**Collected material**
□ □ □ □
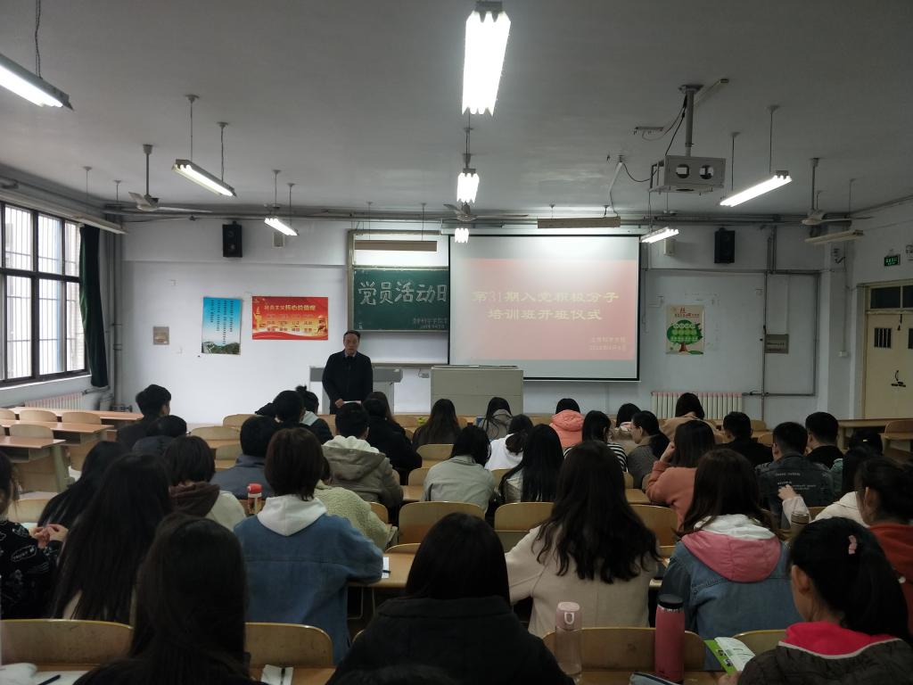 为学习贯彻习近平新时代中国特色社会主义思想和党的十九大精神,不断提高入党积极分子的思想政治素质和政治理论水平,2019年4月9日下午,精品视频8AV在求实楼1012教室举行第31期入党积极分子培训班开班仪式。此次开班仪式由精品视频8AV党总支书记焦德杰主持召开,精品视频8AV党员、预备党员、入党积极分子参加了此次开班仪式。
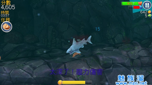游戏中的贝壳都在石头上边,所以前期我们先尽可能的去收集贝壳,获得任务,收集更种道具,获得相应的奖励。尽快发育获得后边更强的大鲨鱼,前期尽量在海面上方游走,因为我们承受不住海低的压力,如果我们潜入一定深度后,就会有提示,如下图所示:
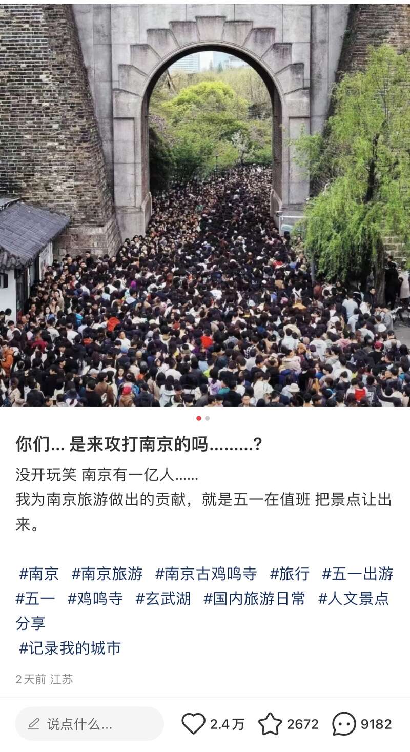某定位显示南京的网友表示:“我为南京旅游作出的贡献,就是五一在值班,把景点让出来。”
□ □ □ □
When you find the line that contains "游戏中的贝壳都在石头上边,所", retype it and every line after it through the end of the data above, exactly, with no pictures.

游戏中的贝壳都在石头上边,所以前期我们先尽可能的去收集贝壳,获得任务,收集更种道具,获得相应的奖励。尽快发育获得后边更强的大鲨鱼,前期尽量在海面上方游走,因为我们承受不住海低的压力,如果我们潜入一定深度后,就会有提示,如下图所示:
某定位显示南京的网友表示:“我为南京旅游作出的贡献,就是五一在值班,把景点让出来。”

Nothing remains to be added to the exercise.